6. Feelings of Regret over the Lost Years

It can come as a huge shock when you realise how much of your life you have lost to addiction. When this realisation hits you, it is easy to feel overcome by regret. The reality is that what is done is done, and the important things are what you do with your future – do not let these feelings of regret stop you from creating the better life that you deserve. If you commit fully to sobriety, there will be a day when you do not regret the past at all because you see that it helped you get to where you are.

7. The Expectation of Honesty

One of the expectations placed upon you when you enter a treatment programme is that you are willing to be honest. It means opening yourself up to a degree that you might never before have been willing to do. You are only as sick as your secrets, so you are likely to find yourself sharing things that you never believed you would tell anyone else – this is good. If you are unable to be completely honest during your stay in rehab, you are unlikely to get much out of the experience; at the very least, you need to be completely willing to be honest with yourself.
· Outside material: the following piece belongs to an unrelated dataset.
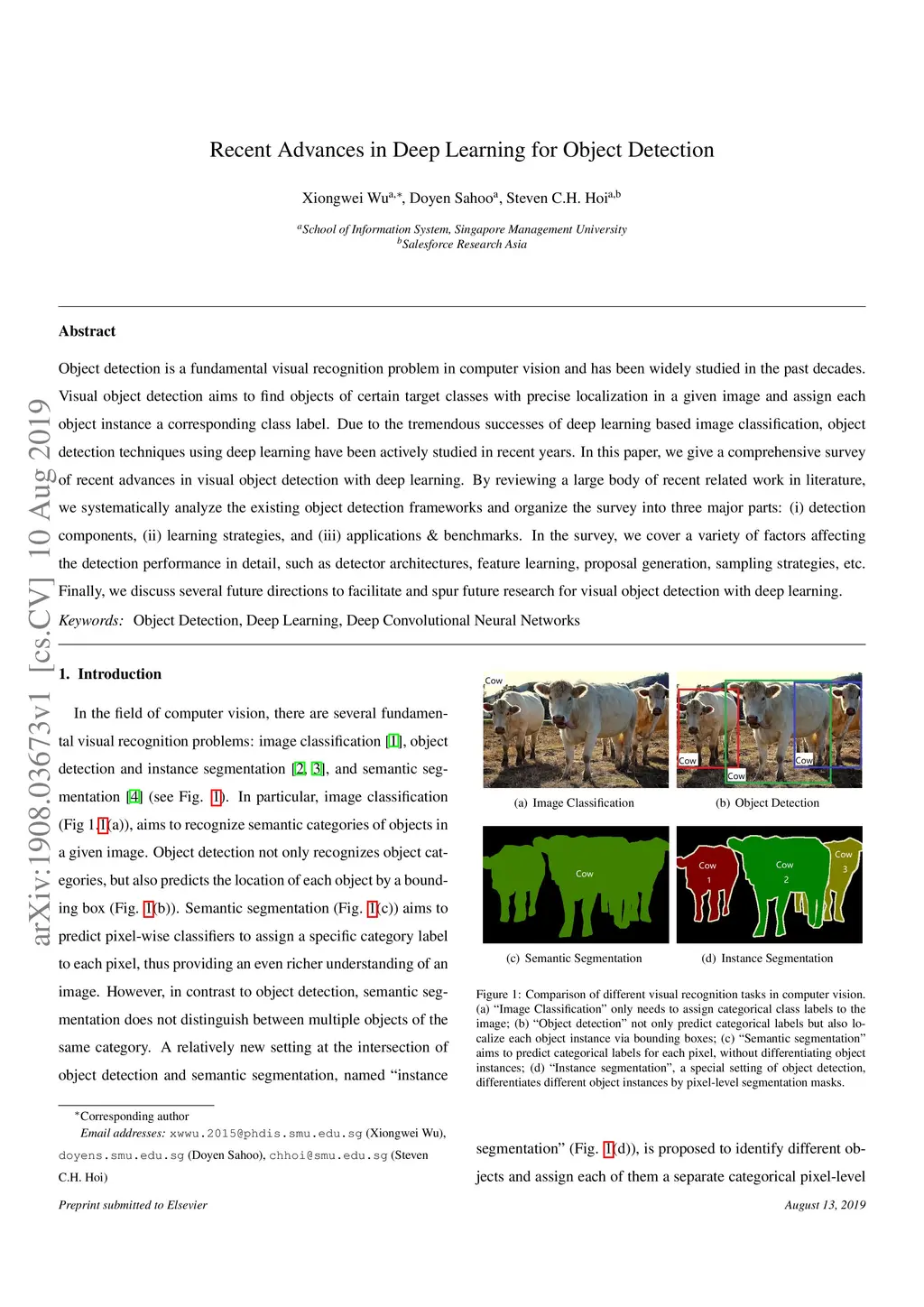 Object detection is a fundamental visual recognition problem in computer vision and has been widely studied in the past decades. Visual object detection aims to find objects of certain target classes with precise localization in a given image and assign each object instance a corresponding class label. Due to the tremendous successes of deep learning based image classification, object detection techniques using deep learning have been actively studied in recent years. In this paper, we give a comprehensive survey of recent advances in visual object detection with deep learning. By reviewing a large body of recent related work in literature, we systematically analyze the existing object detection frameworks and organize the survey into three major parts: (i) detection components, (ii) learning strategies, and (iii) applications & benchmarks. In the survey, we cover a variety of factors affecting the detection performance in detail, such as detector architectures, feature learning, proposal generation, sampling strategies, etc. Finally, we discuss several future directions to facilitate and spur future research for visual object detection with deep learning. Keywords: Object Detection, Deep Learning, Deep Convolutional Neural Networks

8. The Realisation of Character Flaws

Maybe you have believed that if only you could give up alcohol or drugs, your life would be perfect. One of the things that you are likely to find when you get sober is that there are many character flaws getting in the way of your happiness. The job of recovery is to begin chipping away at these defects of character; the more you do this, the happier you will become. It is important to keep in mind that the goal here is progress and not perfection – this is the work of a lifetime.

9. Feelings of Self-Loathing

It is common for those who fall into addition to experience feelings of self-loathing. This negative inner dialogue is due to low self-esteem and can be a real threat to your sobriety. The way to overcome this self-loathing is by developing some self-compassion and building up your self-esteem. During your time in rehab, you will begin to do some of this work.

10. Hope for the Future

Alcohol and drugs destroy you physically and mentally, but one of the nastiest things it can do is steal your dreams. By getting sober, you will begin to have hope for the future again. You will understand that it will be possible for you to create something wonderful in the future if you do the right things. By entering a treatment programme, you get the opportunity to not only pick up tools that allow you to stay sober, but also tools for successful living.